What to work on ▸
After locating the line with "Extra large and" in the entries below, output it and each following line up to and including the line with "Set frigideiras polidas", exactly and without pictures.

⟨

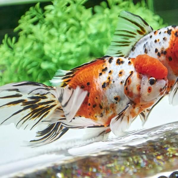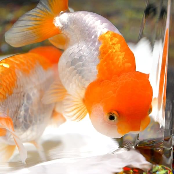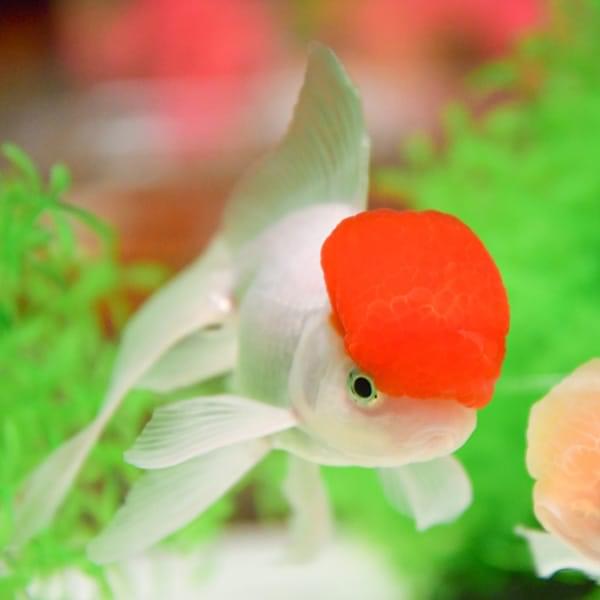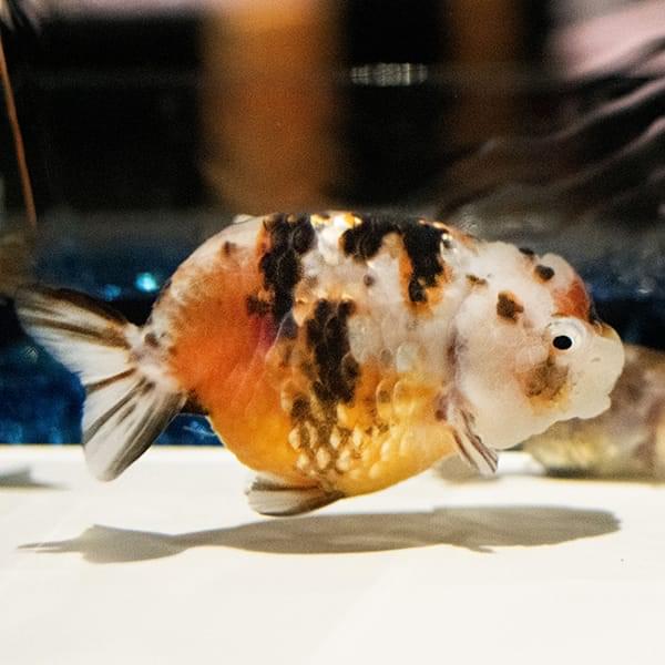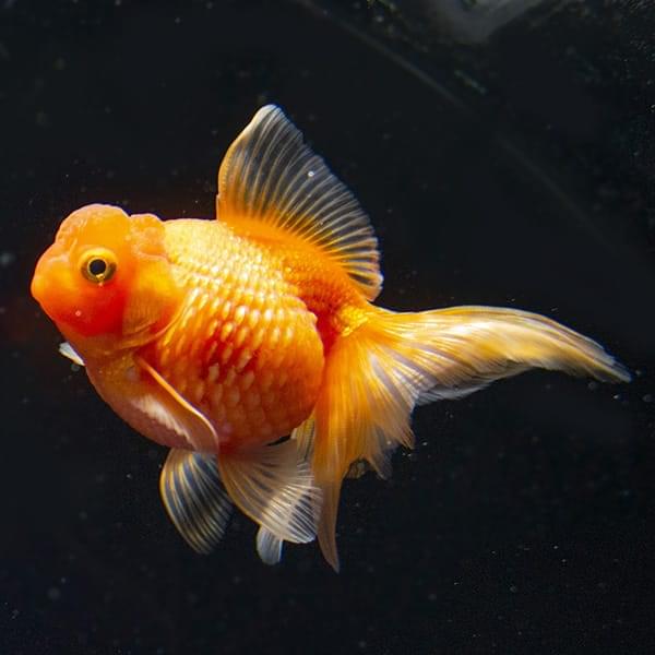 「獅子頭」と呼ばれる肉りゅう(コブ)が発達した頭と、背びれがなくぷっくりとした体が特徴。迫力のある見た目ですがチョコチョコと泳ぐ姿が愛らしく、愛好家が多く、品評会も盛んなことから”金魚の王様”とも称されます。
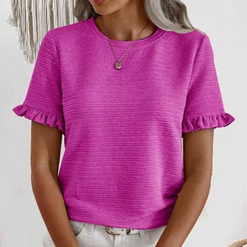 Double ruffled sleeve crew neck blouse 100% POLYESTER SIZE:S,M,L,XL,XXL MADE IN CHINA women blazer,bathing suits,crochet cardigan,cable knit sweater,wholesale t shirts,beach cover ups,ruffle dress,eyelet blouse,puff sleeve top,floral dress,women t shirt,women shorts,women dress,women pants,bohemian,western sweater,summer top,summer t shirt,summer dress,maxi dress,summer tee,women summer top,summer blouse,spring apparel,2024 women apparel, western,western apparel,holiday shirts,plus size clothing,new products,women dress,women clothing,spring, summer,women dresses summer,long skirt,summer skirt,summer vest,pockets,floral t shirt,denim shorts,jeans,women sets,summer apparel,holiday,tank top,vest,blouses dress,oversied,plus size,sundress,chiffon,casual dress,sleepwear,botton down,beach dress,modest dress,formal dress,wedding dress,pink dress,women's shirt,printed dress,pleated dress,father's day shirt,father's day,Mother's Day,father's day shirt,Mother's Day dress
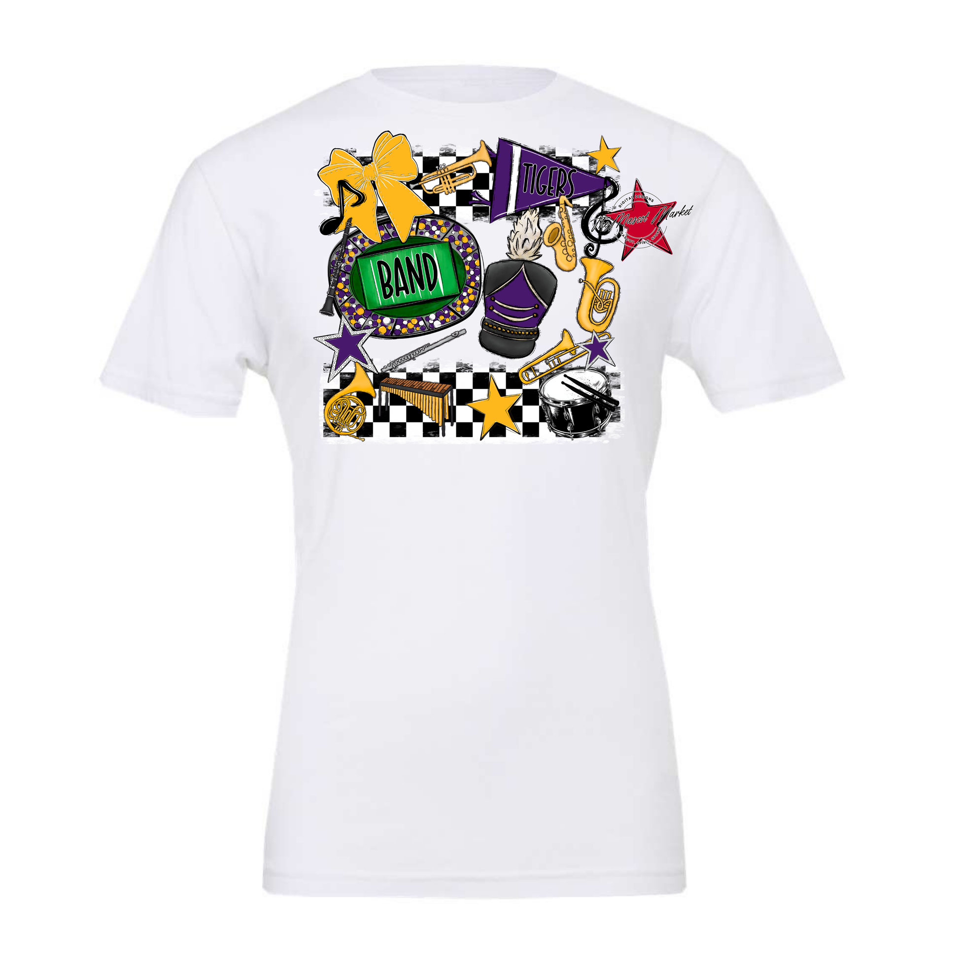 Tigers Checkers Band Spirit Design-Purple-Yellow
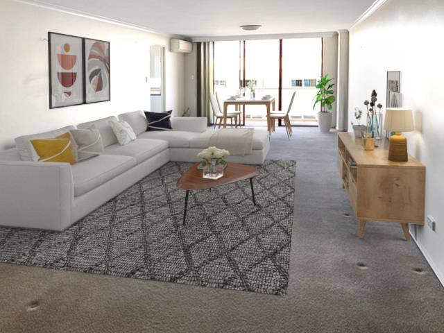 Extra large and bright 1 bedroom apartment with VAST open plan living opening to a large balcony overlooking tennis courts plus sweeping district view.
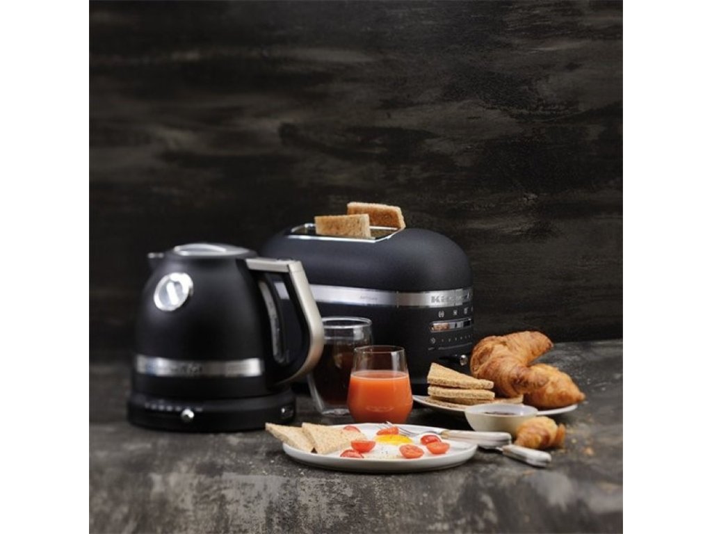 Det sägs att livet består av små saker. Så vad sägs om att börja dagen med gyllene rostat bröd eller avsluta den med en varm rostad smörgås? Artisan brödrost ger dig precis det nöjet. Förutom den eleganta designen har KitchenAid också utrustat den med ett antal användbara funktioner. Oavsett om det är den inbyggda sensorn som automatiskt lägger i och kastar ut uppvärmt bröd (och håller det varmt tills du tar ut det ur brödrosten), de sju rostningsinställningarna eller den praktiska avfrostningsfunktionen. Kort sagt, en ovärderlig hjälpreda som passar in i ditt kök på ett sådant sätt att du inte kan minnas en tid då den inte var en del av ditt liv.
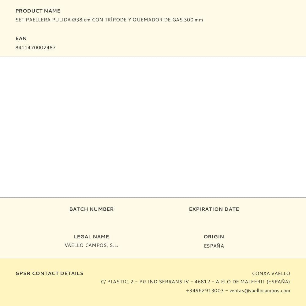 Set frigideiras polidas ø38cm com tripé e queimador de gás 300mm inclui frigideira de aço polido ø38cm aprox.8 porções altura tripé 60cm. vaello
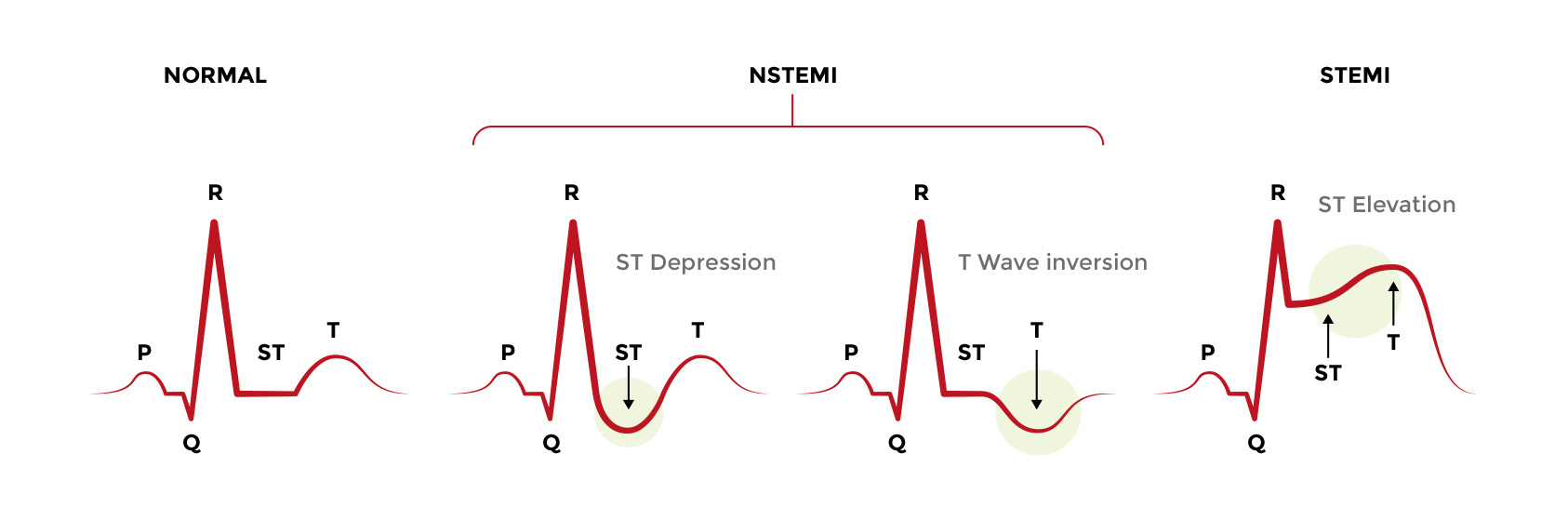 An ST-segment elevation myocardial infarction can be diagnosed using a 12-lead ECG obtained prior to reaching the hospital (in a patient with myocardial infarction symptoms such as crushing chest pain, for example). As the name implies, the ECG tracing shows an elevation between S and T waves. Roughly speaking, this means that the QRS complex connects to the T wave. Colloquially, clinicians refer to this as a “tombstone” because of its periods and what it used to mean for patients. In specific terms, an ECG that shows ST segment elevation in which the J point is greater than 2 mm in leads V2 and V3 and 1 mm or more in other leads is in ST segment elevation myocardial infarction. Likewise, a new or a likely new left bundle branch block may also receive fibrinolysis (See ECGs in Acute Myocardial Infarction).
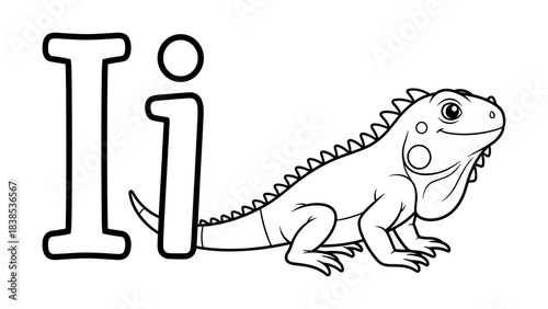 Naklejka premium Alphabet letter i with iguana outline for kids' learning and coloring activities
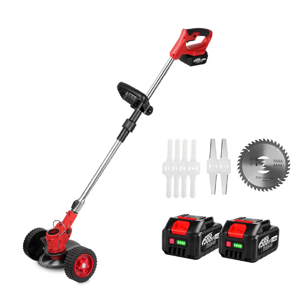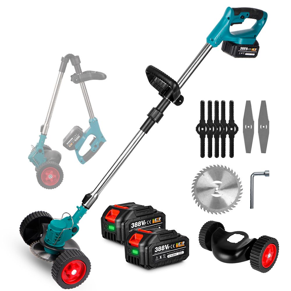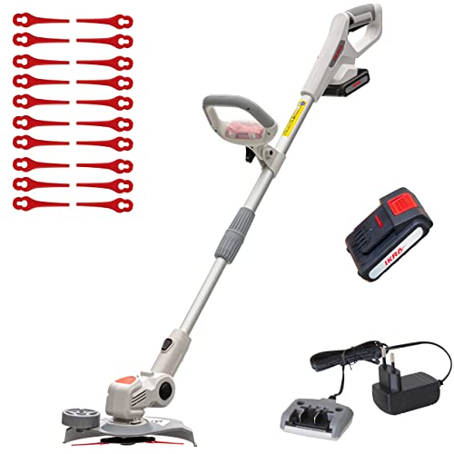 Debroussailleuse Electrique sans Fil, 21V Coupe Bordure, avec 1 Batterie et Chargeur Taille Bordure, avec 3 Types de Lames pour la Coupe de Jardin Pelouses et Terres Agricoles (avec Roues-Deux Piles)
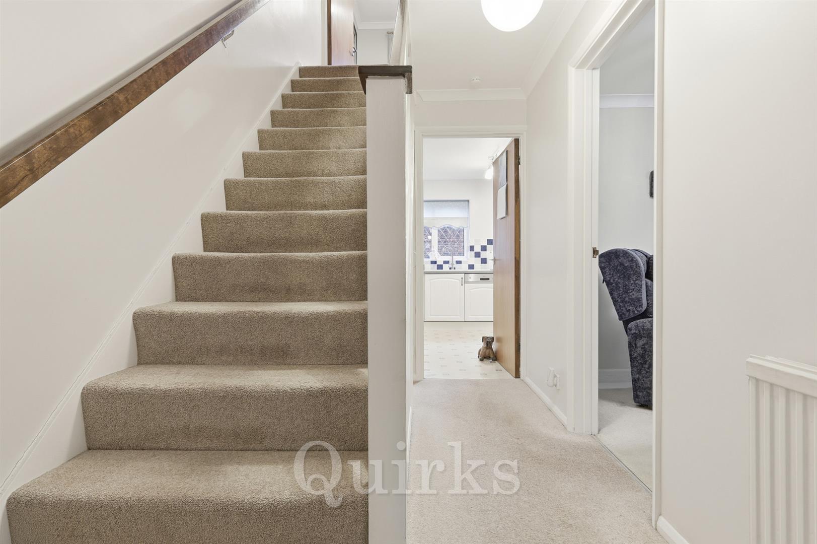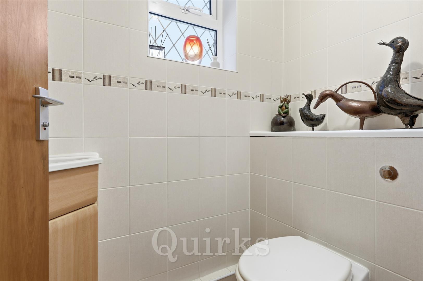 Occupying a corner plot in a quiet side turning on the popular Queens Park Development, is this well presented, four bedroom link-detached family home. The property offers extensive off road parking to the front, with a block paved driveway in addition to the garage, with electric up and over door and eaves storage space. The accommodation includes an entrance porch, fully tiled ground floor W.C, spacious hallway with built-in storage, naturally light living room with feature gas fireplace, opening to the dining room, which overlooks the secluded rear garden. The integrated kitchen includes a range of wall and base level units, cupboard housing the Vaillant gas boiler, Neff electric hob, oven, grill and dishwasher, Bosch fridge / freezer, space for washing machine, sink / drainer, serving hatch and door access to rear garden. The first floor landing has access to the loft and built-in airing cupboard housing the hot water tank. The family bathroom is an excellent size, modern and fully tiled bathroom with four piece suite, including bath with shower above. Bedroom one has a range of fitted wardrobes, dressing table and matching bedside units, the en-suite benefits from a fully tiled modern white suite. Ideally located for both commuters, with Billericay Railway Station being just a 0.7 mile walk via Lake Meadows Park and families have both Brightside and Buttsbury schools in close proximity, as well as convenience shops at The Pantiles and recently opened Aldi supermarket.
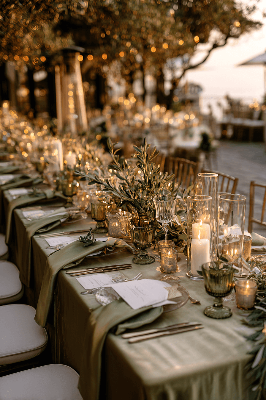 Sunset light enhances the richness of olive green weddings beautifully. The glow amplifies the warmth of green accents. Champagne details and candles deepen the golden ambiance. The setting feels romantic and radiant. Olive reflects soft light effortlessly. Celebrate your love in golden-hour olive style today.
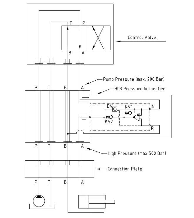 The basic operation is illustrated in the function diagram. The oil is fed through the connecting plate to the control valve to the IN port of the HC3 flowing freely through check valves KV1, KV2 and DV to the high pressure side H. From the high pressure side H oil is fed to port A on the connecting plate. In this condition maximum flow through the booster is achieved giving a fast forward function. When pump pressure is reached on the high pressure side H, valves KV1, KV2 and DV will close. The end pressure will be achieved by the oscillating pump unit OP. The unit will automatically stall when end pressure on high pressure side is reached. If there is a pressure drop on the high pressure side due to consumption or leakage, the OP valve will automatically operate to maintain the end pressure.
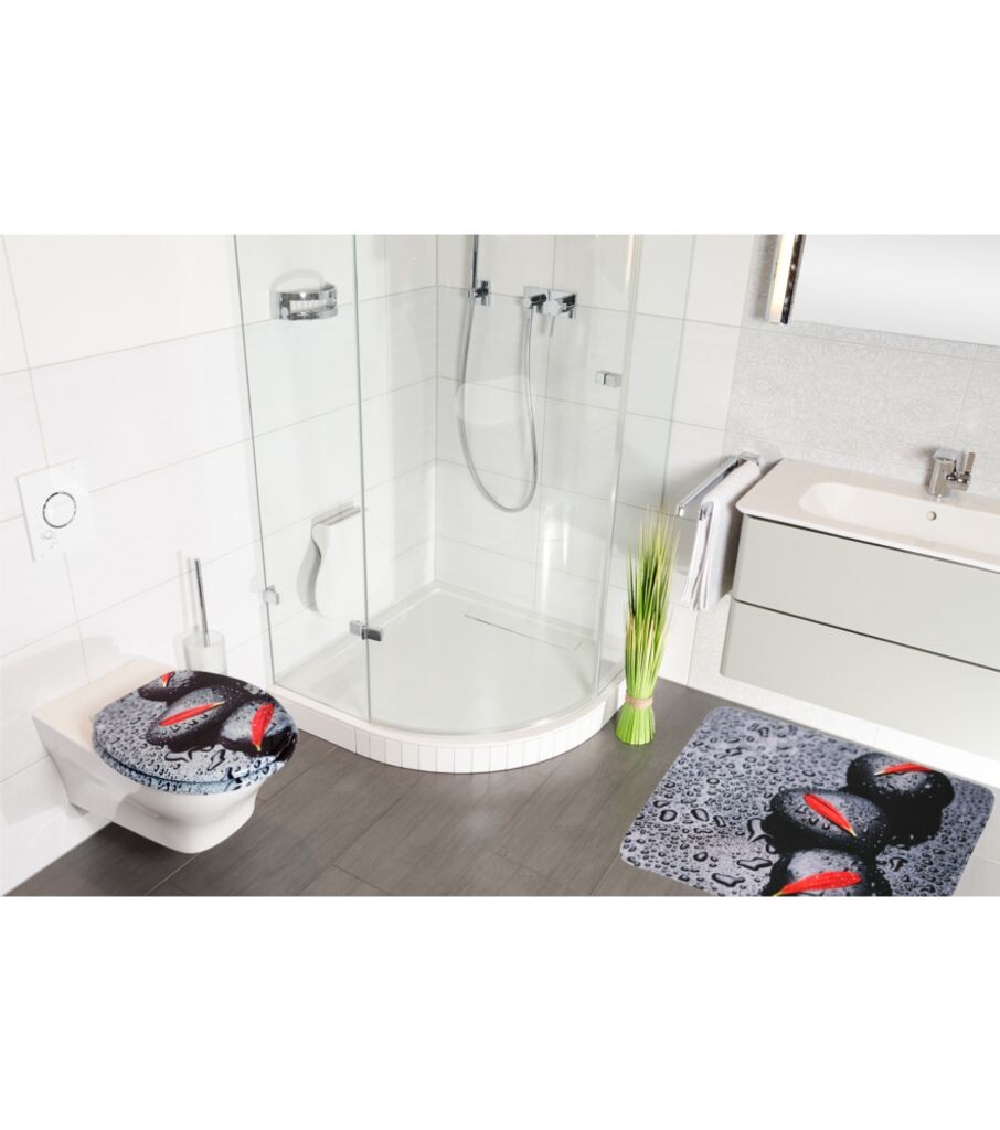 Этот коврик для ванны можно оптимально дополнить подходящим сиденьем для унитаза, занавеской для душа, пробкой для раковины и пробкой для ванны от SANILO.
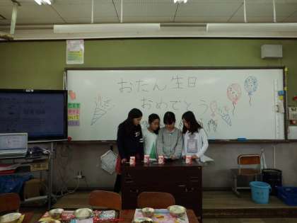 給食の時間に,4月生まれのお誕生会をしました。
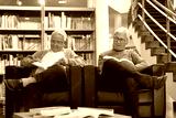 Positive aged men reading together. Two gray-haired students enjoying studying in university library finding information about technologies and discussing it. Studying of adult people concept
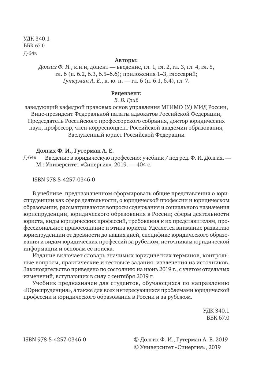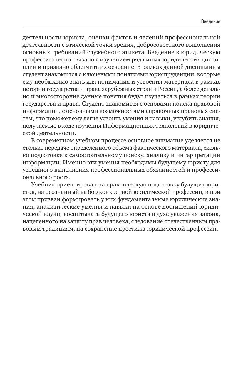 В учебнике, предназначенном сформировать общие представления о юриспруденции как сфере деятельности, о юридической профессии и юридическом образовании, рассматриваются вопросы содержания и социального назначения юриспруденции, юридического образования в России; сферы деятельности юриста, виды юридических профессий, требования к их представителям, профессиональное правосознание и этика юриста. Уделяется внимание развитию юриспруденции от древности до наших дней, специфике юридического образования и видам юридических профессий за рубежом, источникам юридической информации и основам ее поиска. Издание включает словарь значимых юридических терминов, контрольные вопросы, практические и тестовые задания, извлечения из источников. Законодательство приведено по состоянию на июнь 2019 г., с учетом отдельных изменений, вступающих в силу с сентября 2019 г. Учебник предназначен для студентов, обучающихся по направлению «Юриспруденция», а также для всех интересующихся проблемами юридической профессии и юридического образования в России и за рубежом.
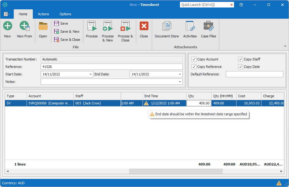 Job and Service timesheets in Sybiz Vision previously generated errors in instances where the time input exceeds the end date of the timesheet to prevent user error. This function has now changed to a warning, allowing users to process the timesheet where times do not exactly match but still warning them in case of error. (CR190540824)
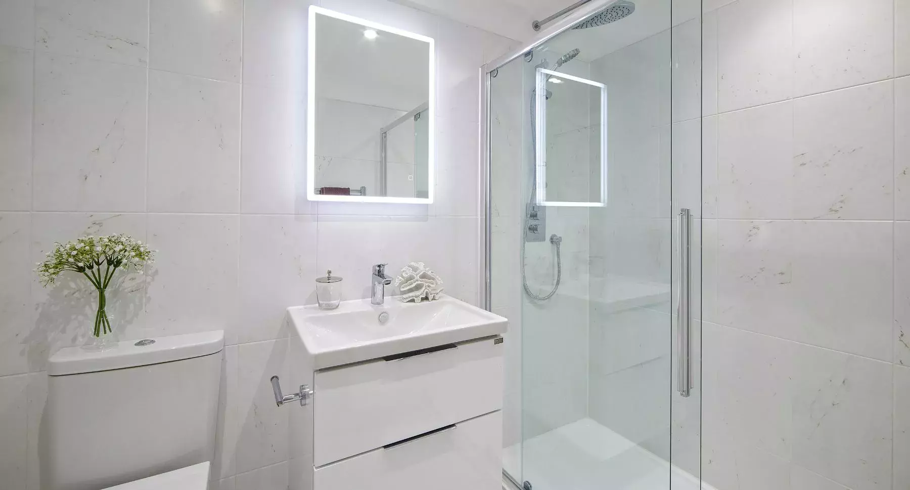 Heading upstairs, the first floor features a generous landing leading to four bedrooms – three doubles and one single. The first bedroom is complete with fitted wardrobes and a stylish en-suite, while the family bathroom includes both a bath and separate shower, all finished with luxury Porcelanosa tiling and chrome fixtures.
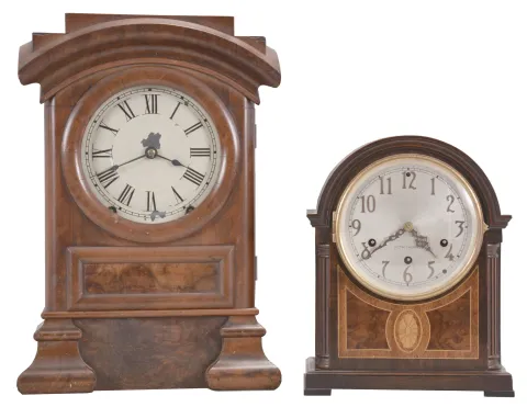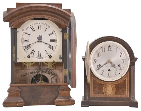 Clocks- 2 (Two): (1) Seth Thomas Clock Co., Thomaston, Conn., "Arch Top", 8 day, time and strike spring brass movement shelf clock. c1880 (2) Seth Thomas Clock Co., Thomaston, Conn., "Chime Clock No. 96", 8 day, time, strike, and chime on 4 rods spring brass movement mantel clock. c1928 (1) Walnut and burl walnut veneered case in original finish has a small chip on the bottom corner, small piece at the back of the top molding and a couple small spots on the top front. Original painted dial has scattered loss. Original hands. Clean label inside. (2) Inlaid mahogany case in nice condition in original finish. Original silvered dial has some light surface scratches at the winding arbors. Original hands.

⟩

Expected answer ▸
 Extra large and bright 1 bedroom apartment with VAST open plan living opening to a large balcony overlooking tennis courts plus sweeping district view.
 Det sägs att livet består av små saker. Så vad sägs om att börja dagen med gyllene rostat bröd eller avsluta den med en varm rostad smörgås? Artisan brödrost ger dig precis det nöjet. Förutom den eleganta designen har KitchenAid också utrustat den med ett antal användbara funktioner. Oavsett om det är den inbyggda sensorn som automatiskt lägger i och kastar ut uppvärmt bröd (och håller det varmt tills du tar ut det ur brödrosten), de sju rostningsinställningarna eller den praktiska avfrostningsfunktionen. Kort sagt, en ovärderlig hjälpreda som passar in i ditt kök på ett sådant sätt att du inte kan minnas en tid då den inte var en del av ditt liv.
 Set frigideiras polidas ø38cm com tripé e queimador de gás 300mm inclui frigideira de aço polido ø38cm aprox.8 porções altura tripé 60cm. vaello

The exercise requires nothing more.